Scientific Statement of Research
Tumor Treating Fields (TTFields) is an FDA-approved therapy for glioblastoma (GBM). The electrical fields used in this therapy disrupt cytoskeletal microtubules, preventing cell division and GBM growth. Dr. Sarkisian proposes that the efficacy of TTFields therapy can be enhanced by combining TTFields with other therapies that disrupt microtubules. Normally histone deacetylase 6 (HDAC6) and sirtuin2 (SIRT2), which target microtubules, promote glioma cell proliferation and regulate primary cilia, microtubule-based cellular “antennas” that may increase the resistance of GBM to TTFields therapy. Treatment of human GBM cells with HDAC6 inhibitors and TTFields is more toxic to these cells than either treatment alone, potentially because HDAC6 inhibitors disrupt primary cilia. Dr. Sarkisian hypothesizes that combining TTFields with HDAC6/SIRT2 inhibitors will increase the effectiveness of TTFields as a therapy for GBM. This project will improve understanding of how GBM cells resist TTFields and whether specific adjuvant therapies increase TTFields efficacy.

Biography
Dr. Sarkisian completed his BS degree in biological sciences at Clemson University. After working as a research assistant in neurology at Children’s Hospital in Boston, he completed his PhD in physiology and neurobiology at the University of Connecticut, Storrs. He did his postdoctoral training in neurobiology at Yale University and was recruited to the University of Florida as an assistant professor in the Department of Neuroscience. He is currently an associate professor with tenure at the University of Florida. His laboratory explores how primary cilia signaling affects the growth and behavior of normal neurons and glioma cells in the brain.

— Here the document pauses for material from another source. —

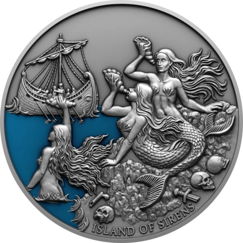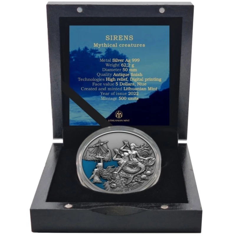 Silbermünze Niue "Mythische Kreaturen. Sirenen" 2022g, 62,2 Gramm reines Silber (0,999 Proof)

Acknowledgement of Support
My goal is to better understand why glioblastoma cells resist current therapies, resulting in such an aggressive and difficult to treat cancer. The AACR-Novocure Tumor Treating Fields Research Grant will allow me to investigate new strategies aimed at making tumor cells more receptive to therapy and thereby prolonging patient survival.

Michael D. Story, PhD

Michael D. Story, PhD

Professor
University of Texas Southwestern Medical Center at Dallas
Dallas, Texas
Exploiting the conditional vulnerabilities caused by TTFields exposure

Scientific Statement of Research
This research hypothesizes that a major mechanism by which TTFields exerts its anti-tumor effect, other than by disrupting mitosis, is through the downregulation of DNA repair pathways and the initiation of DNA replication stress, resulting in DNA damage, the generation of R-loops, and collapsed replication forks leading to mitotic catastrophe. Agents that interfere with replication fork maintenance or DNA repair may be more lethal when combined with TTFields given the downregulation of specific DNA repair, chromosome maintenance, and cell cycle checkpoint pathways, amongst other altered signaling pathways deleterious to cancer cells. Combinatorial therapies using agents that target or enhance replication stress, applied concomitantly with TTFields and in combination with radiation, will be tested in models of lung and pancreatic cancers using in vitro and ex vivo models to provide evidence for novel clinical strategies empowered through the combinatorial use of TTFields.

Biography
Dr. Story took his PhD at Colorado State University, Fort Collins in 1989. He was a post-doctoral fellow at the UT MD Anderson Cancer Center and was subsequently promoted to assistant professor. In 2004 he moved to UT Southwestern Medical Center, Dallas as an associate professor, ultimately rising to full professor. He is currently chief of the Division of Molecular Radiation Biology and vice-chair of the Department of Radiation Oncology. He is also the director of the UTSW Pre-Clinical Radiation Core Facility and holds the David M. Pistenmaa MD, PhD distinguished chair in radiation oncology.

Acknowledgement of Support
I am grateful for this AACR-Novocure grant as it will allow my laboratory to continue to develop a better understanding of TTFields effects on cancer cells and how we can ultimately exploit that knowledge for clinical benefit.